> _YOUR INSTRUCTIONS_:
Write out the listing below in its entirety, minus the pictures, without changing a word.

** Opening RECORDED INFORMATION block **

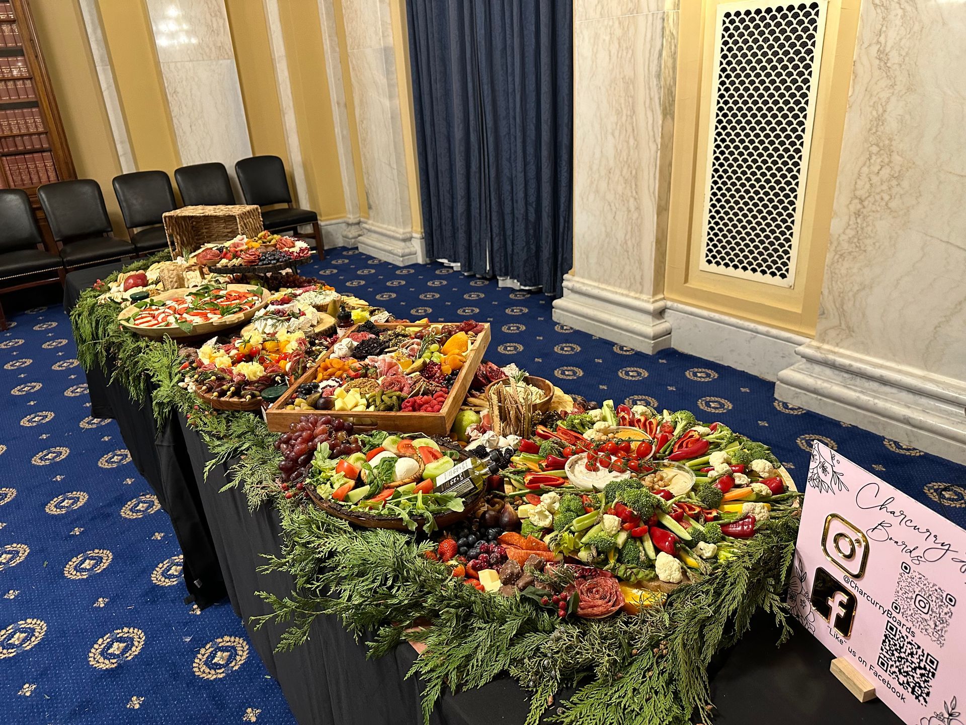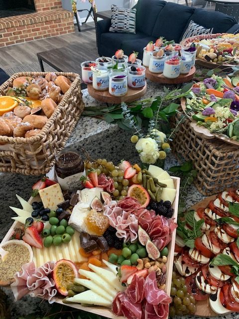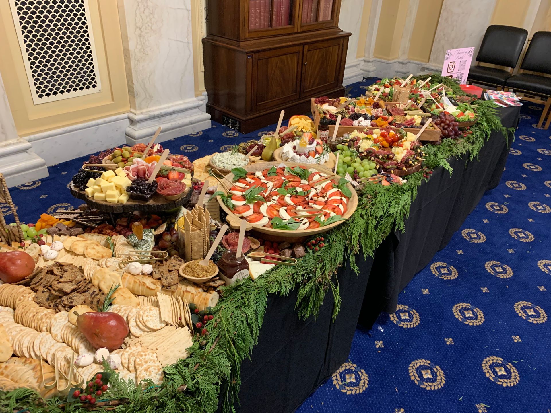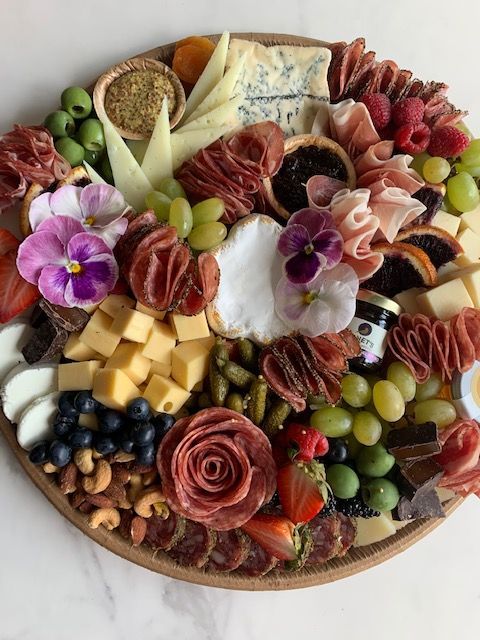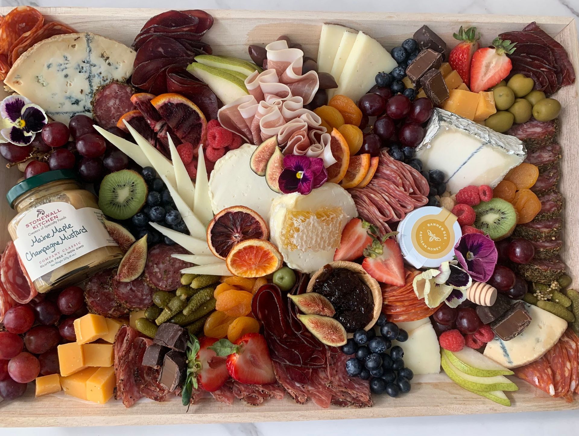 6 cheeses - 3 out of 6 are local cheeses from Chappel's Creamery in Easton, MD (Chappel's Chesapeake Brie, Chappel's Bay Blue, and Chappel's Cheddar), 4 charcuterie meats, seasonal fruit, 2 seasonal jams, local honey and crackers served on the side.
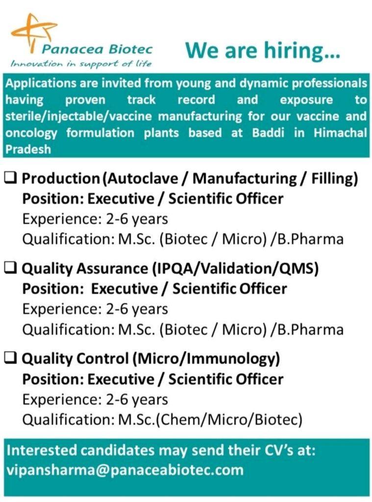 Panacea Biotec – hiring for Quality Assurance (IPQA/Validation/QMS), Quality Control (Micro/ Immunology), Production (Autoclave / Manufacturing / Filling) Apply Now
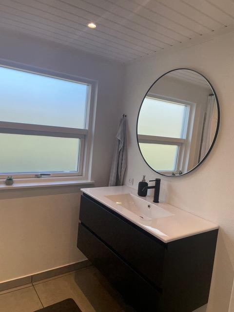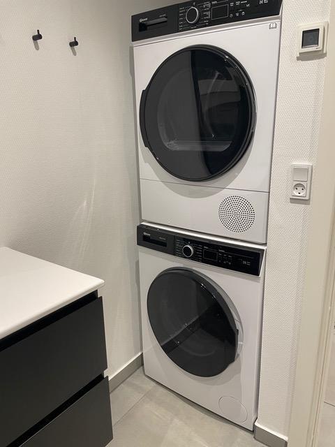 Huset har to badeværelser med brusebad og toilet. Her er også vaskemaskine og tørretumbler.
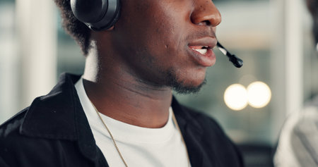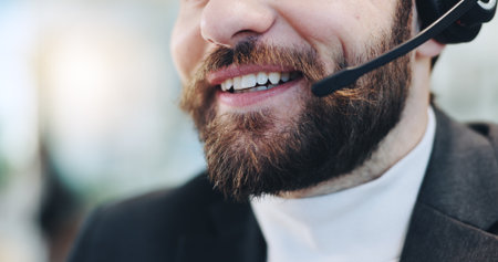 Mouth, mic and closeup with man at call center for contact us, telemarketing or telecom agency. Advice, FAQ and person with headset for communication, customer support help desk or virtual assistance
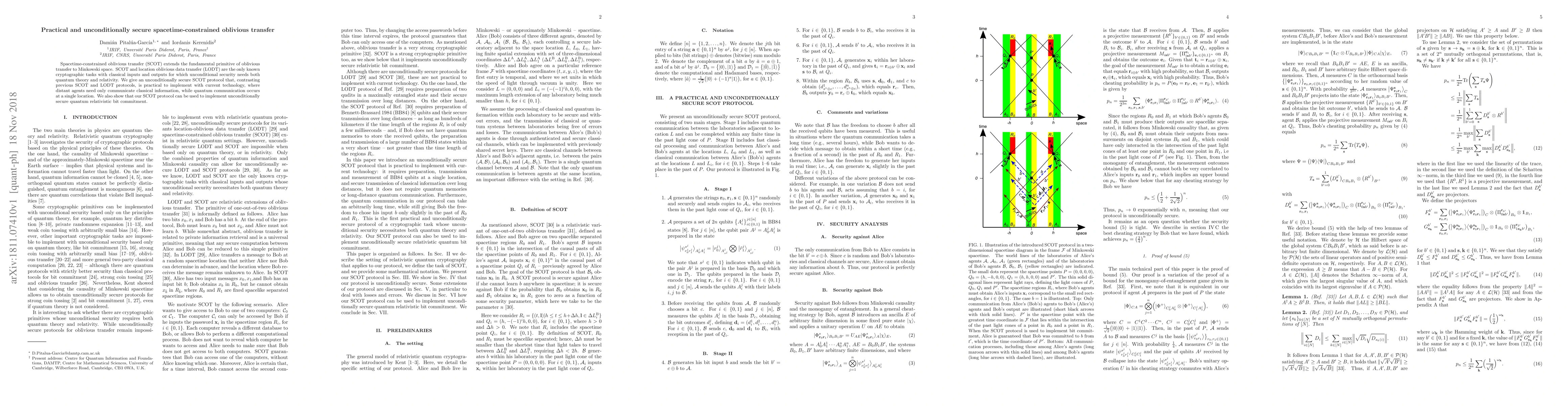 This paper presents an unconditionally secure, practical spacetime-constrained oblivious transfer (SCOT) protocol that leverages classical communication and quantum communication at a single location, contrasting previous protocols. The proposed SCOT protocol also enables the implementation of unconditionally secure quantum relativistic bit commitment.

** Closing RECORDED INFORMATION block **

> _WRITTEN ANSWER_:
 6 cheeses - 3 out of 6 are local cheeses from Chappel's Creamery in Easton, MD (Chappel's Chesapeake Brie, Chappel's Bay Blue, and Chappel's Cheddar), 4 charcuterie meats, seasonal fruit, 2 seasonal jams, local honey and crackers served on the side.
 Panacea Biotec – hiring for Quality Assurance (IPQA/Validation/QMS), Quality Control (Micro/ Immunology), Production (Autoclave / Manufacturing / Filling) Apply Now
 Huset har to badeværelser med brusebad og toilet. Her er også vaskemaskine og tørretumbler.
 Mouth, mic and closeup with man at call center for contact us, telemarketing or telecom agency. Advice, FAQ and person with headset for communication, customer support help desk or virtual assistance
 This paper presents an unconditionally secure, practical spacetime-constrained oblivious transfer (SCOT) protocol that leverages classical communication and quantum communication at a single location, contrasting previous protocols. The proposed SCOT protocol also enables the implementation of unconditionally secure quantum relativistic bit commitment.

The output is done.